Thursday, 5 September 2013

The Merchant of Venice Marches on Italy

As if to prove its name, the latest variant of Shylock has now extended its geography to cover Italian banks. Quite an ironic twist, isn't it?

Armed with an improved protection layer, it is now harder to detect too, fetching only 2 detections out of 45.

The anti-VM tricks employed by Shylock can fortunately be defeated by StrongOD, a handy plugin for OllyDbg. So let's roll up our sleeves and give it a closer look.

The previous post on Shylock has provided on overview of its operation and its encryption schemes. What we aim this time is to actually try to reconstruct the entire encryption/decryption algorithm in a stand-alone tool, a tool that will allow us to fetch and then decrypt Shylock configuration files along with the so called 'Inject Packs'.

Shylock configuration files normally enlist current command-and-control (C&C) servers along with the location of the 'Inject Packs' - larger configurations that define browser injection logic, that is, what banks to target and how. By downloading and decrypting configuration files from the known live C&C servers, we'll be able to find out what the newly registered C&C are.

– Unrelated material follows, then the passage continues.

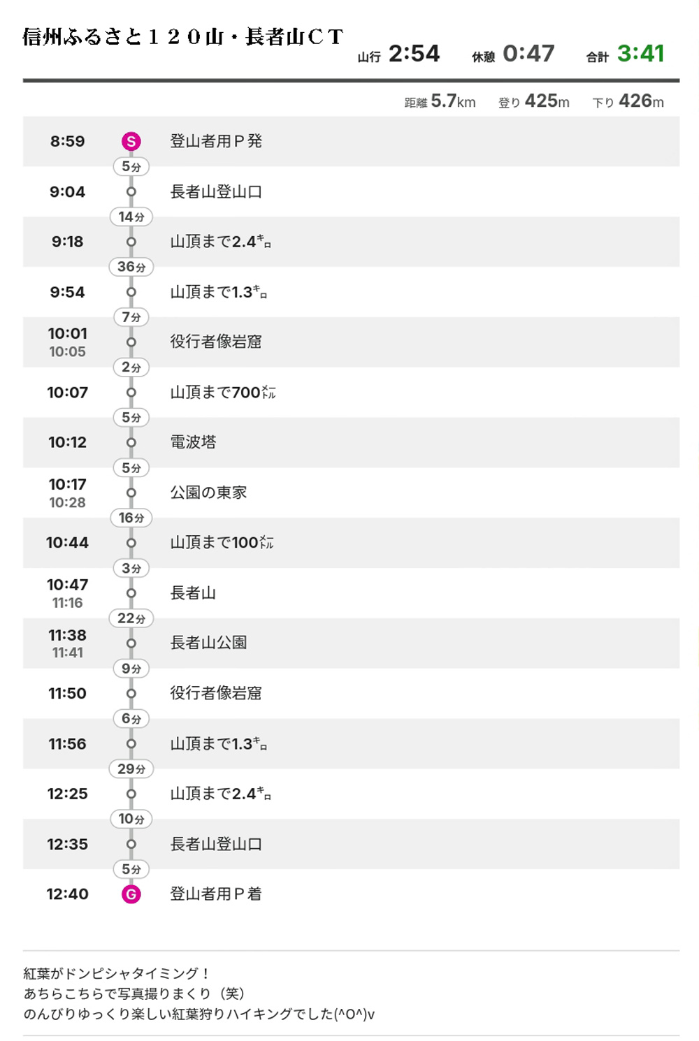 | 《長者山コースタイム他》 写真撮影時間20分〜100分含む |

By fetching 'Inject Packs' from these servers, we'll know what new tricks are implanted there and what new regions are being targeted.

The C&C domains that we thus detect will be handy in monitoring the traffic. Since all communications are SSL, they can't be sniffed, but the presence of the Shylock domains in the traffic is a sure sign of 'Houston, we have a problem'.

The sample we've analysed contains a built-in configuration stub that enlists 3 hard-coded C&C servers followed by 2 backup C&C servers:

  • uphebuch.su

  • oonucoog.cc

  • ahthuvuz.cc

  • wsysinfonet.su

  • statinfo.cc

The first 3 C&C servers are now down but the back-up ones point to the same IP (217.172.170.220) in Germany.

Sending it a packet encrypted the same way as we did last time no longer works - the server returns us a string which is our IP address. So clearly something has changed. To find out what was changed, we'll need to reconstruct the entire communication logic of Shylock step-by-step, by combining dynamic and static analysis of the sample. For that, we firstly dumped the memory heap pages where the Shylock executable has unpacked itself. Next, we decrypted all the strings in that dump (753 strings), and built a table of all hashes of all APIs from all modules loaded by Shylock (28,500 hashes). After that, we were able to reverse engineer its new logic, and this is what we've found:

The Shylock request now needs to be submitted via 'POST'. In addition, the C&C server now requires that the User-Agent header provided be formatted as:
Mozilla/4.0 (compatible; MSIE 6.0; Windows NT 5.1; SV1; .NET CLR 1.0.<NUMBER>)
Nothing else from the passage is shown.